Пищали в тряпочках подвешенные на волосяных арканах ребятишки. Пахло от них тонким ребячьим духом. Стояла у телеги киргизка и, не понимая ничего, плакала.
Молчат мужики, смотрят.
– Пущай, – сказал Селиванов. – Пущай весы.
Опустил руки от палки Афанасий Петрович, и сразу русский мальчонка кверху.
– Ишь, сволочь желторотая, – сказал Афанасий Петрович разозленно, отожрался.
Поднял валявшийся сухой бараний череп и положил на русского. Уравнялись тогда ребята.
Зашумели мужики, закричали: – На целу голову, паре, перекормила, а?..
– Не уследишь…
– Вот зверь… как кормила.
– Кто следил?..
– Не только работы, что за ребятами следить! Подтвердили некоторые, степенные:
– Где уследишь!
– Опять же, родительница…
Затопал, завизжал Афанасий Петрович:
– По-твоему – русскому человеку пропадать там из-за какова-то немаканова… Пропадать Ваське-то… моему?..
Посмотрели на Ваську – лежал белый, худенький.
Муторно стало мужикам.
Сказал Селиванов Афанасию Петровичу:
– А ты его… того… пущай, бог с ним, умрет… киргизенка-то. Мало их перебили, к одному… ответу…
Поглядели мужики на Ваську и разошлись молча.
Взял киргизенка Афанасий Петрович, завернул в рваный мешок.
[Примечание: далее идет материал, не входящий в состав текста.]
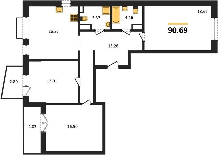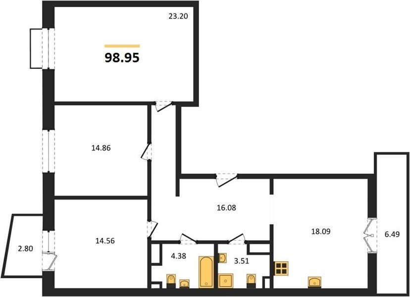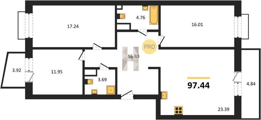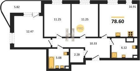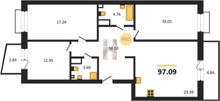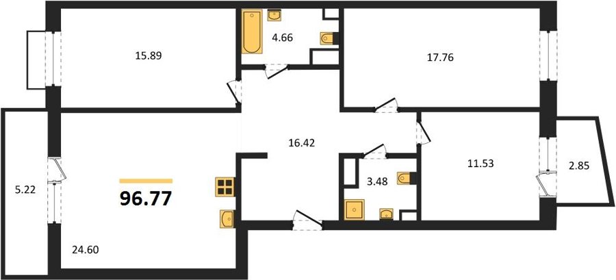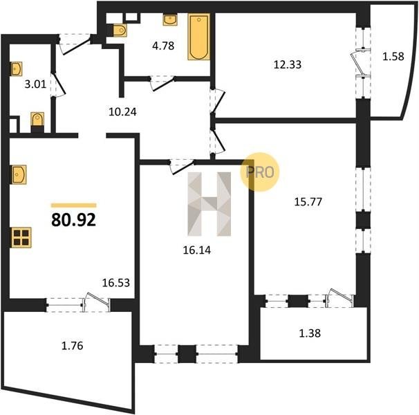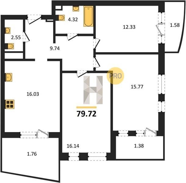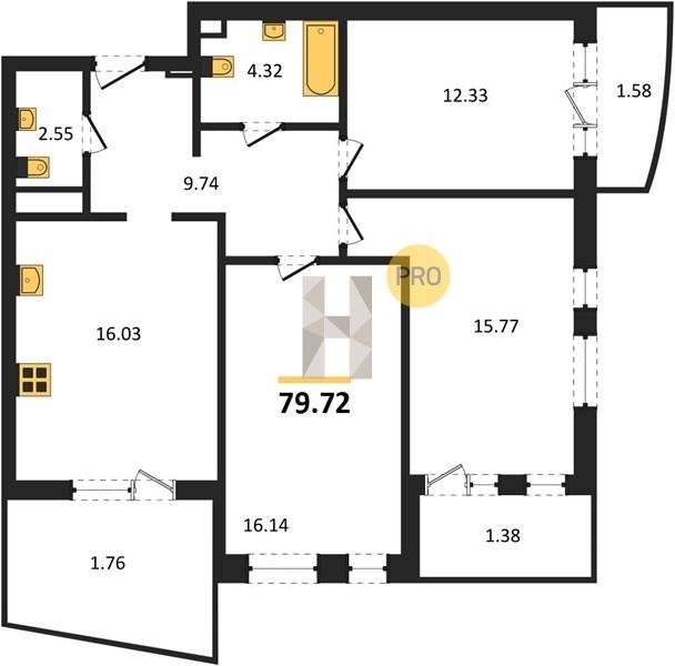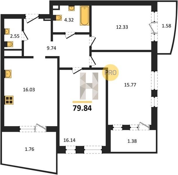 Площадь от 76.75 м2
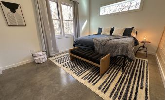 Welcome to our modern oasis nestled just a 10 minute drive from downtown Asheville, NC, on the scenic Shope Creek Road in the east Asheville area! This brand new, stylish, and modern 1-bedroom house is equipped with a comfortable king-sized bed and also features a dedicated office space containing a convenient day bed, providing sleeping accommodations for up to 4 guests.
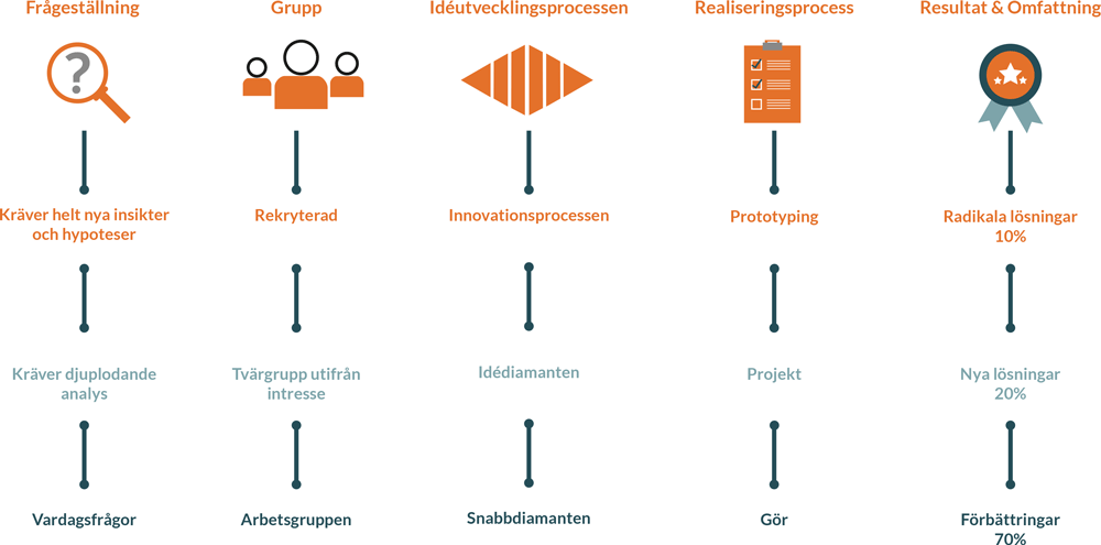 20%-nivån: Idédiamanten™ är en idéutvecklingsmetodik som ligger till grund för idégenerering och som är anpassningsbar och används i olika varianter på alla tre nivåerna.
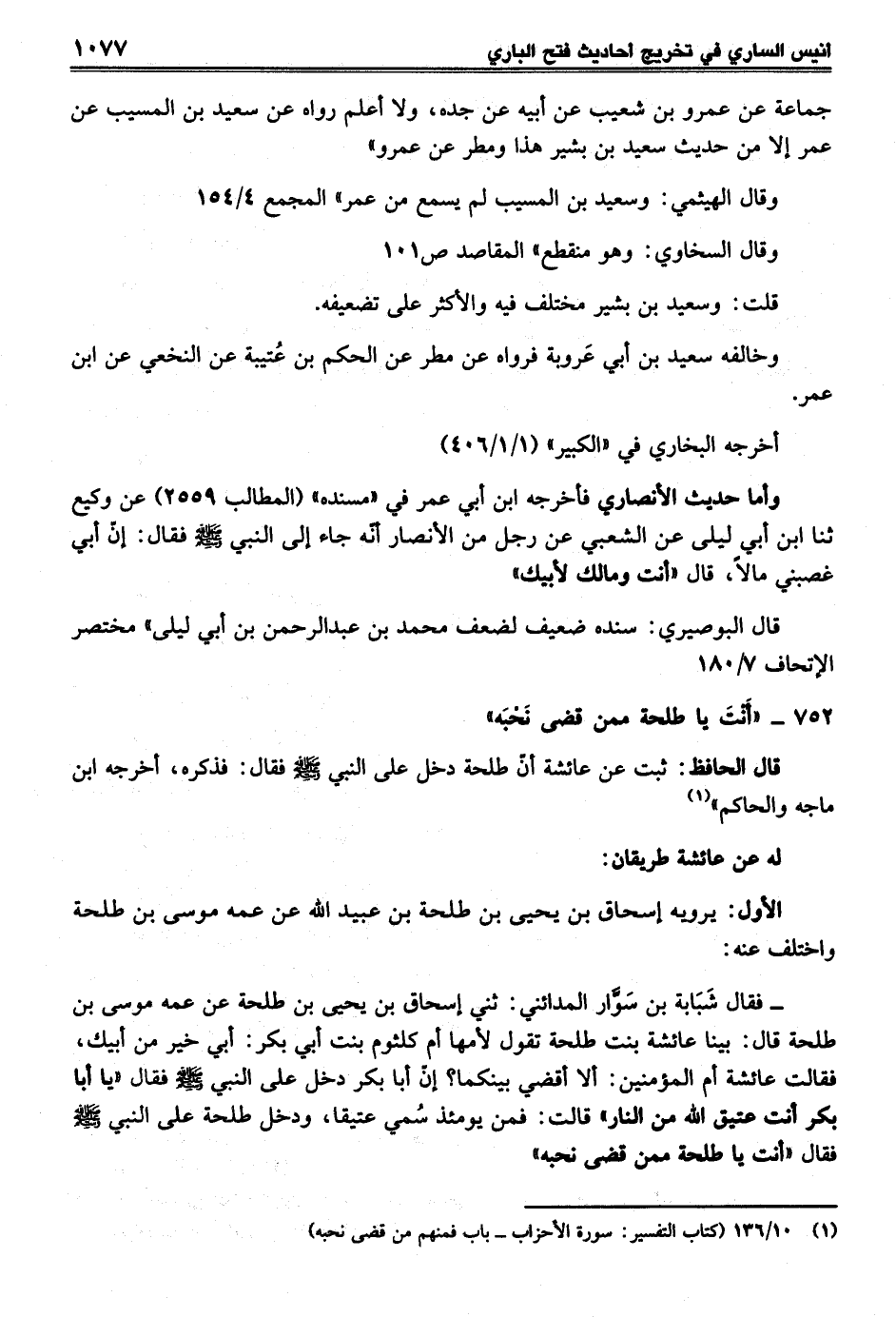 (¬1) 10/ 136 (كتاب التفسير: سورة الأحزاب- باب فمنهم من قضى نحبه)

Завыла мать. Ударил ее слегка в зубы Афанасий Петрович и пошел из стана в степь…
Дня через два стояли мужики у палатки на цыпочках и чрез плечи друг друга заглядывали вовнутрь, где на кошме киргизка кормила белое дитё.
Было у киргизки покорное лицо с узкими, как зерна овса, глазами; фаевый фиолетовый кафтан и сафьяновые ичиги-сапожки.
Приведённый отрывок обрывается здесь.